The hybrid plasma-catalytic system (HPCS) was used for the oxidative coupling of methane (OCM) with CO2. A dielectric barrier discharge (DBD) reactor was powered at the frequency of about 6 kHz. Molar ratio [CO2]:[CH4] in the inlet gas mixtures (CH4 + CO2 + Ar) was 1. Three kinds of packing were tested: Fe/Al2O3, NaY and Na-ZSM-5. The effects of both temperature (130-340 °C) and gas flow rate on the conversion of methane and CO2 were studied. Hydrogen, carbon oxide, hydrocarbons C2-C4, and alcohols (methanol and ethanol) were identified in the outlet gas. Using the plasma +Fe/Al2O3 catalyst system led to obtaining hydrogen, carbon oxide, hydrocarbons and alcohols. The highest amount of methanol and ethanol was obtained in the system without packing and with a carrier (Al2O3). For the homogeneous system and the system with a carrier the increase of the residence time of gas in the reaction zone decreases the conversion of methane to methanol and ethanol.
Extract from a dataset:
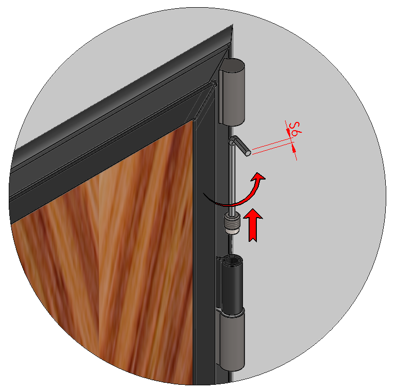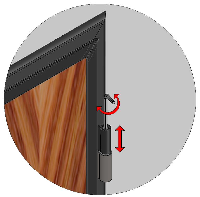 - Agire mediante la stessa chiave sulla cerniera superiore, ruotando in senso antiorario il perno di rotazione per abbassare il battente, viceversa per alzarlo.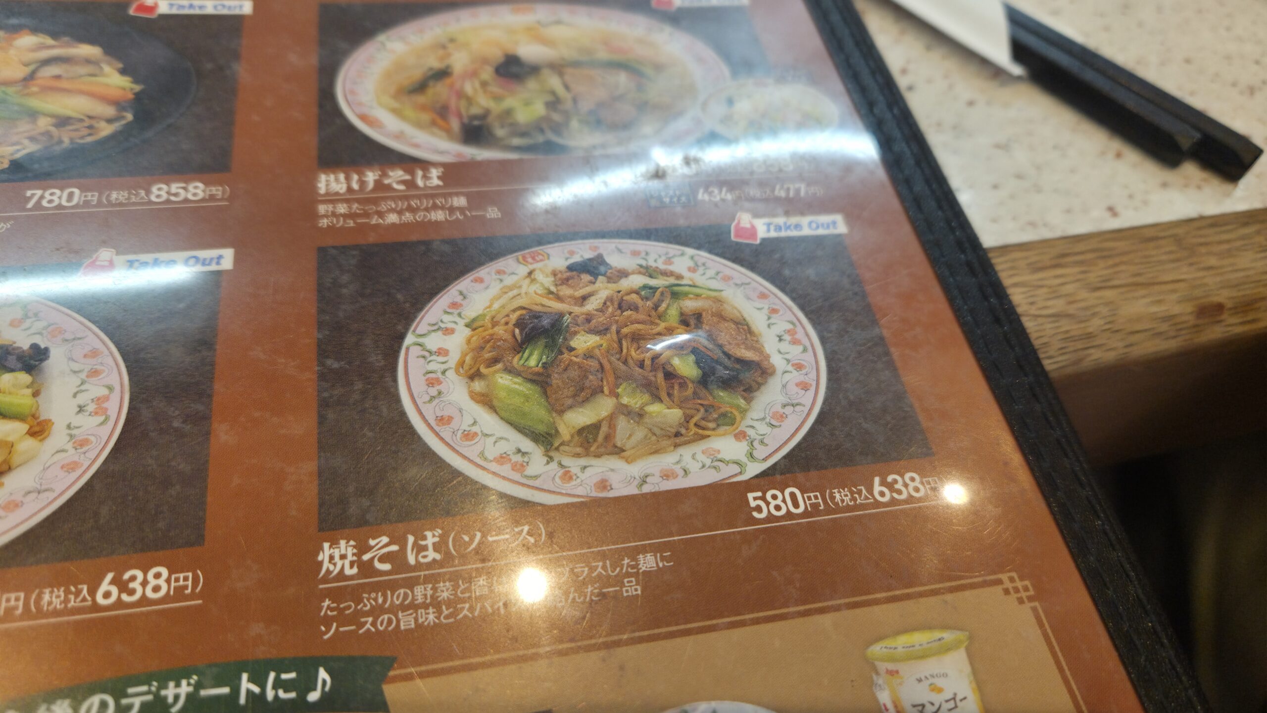 少しお昼のピークを外して行ったのですが、大感謝祭の影響なのか、店内は思った以上に混雑していました。何を食べようかメニューを眺めていると、久しぶりに「焼そば(ソース)」が目に入り、今日はこれだ!と注文。普段は醤油焼そばばかり食べていますが、なんとなくこの日はソースの気分でした。

The conversion of methane to methanol at 240 °C with Na-ZSM-5 was not observed. In the plasma - Na-ZSM-5 system, in the first hour of experiment, the aromatic hydrocarbons and a larger amount of iso-butane were observed in the outlet gas. After approximately 1 h, liquid aromatic hydrocarbons in the gas mixture were not observed and the Na-ZSM-5 catalyst showed no change in selectivity in subsequent experiments. In HPCS with Na-ZSM-5 catalyst the amount of hydrocarbons, containing more than 4 carbon atoms was the highest. The overall methane conversion was 47.5% and 65% and the methane conversion to C2-C4 hydrocarbons reached 19.5% and 14.5% for gas flow rate 2 and 1 Nl/h respectively.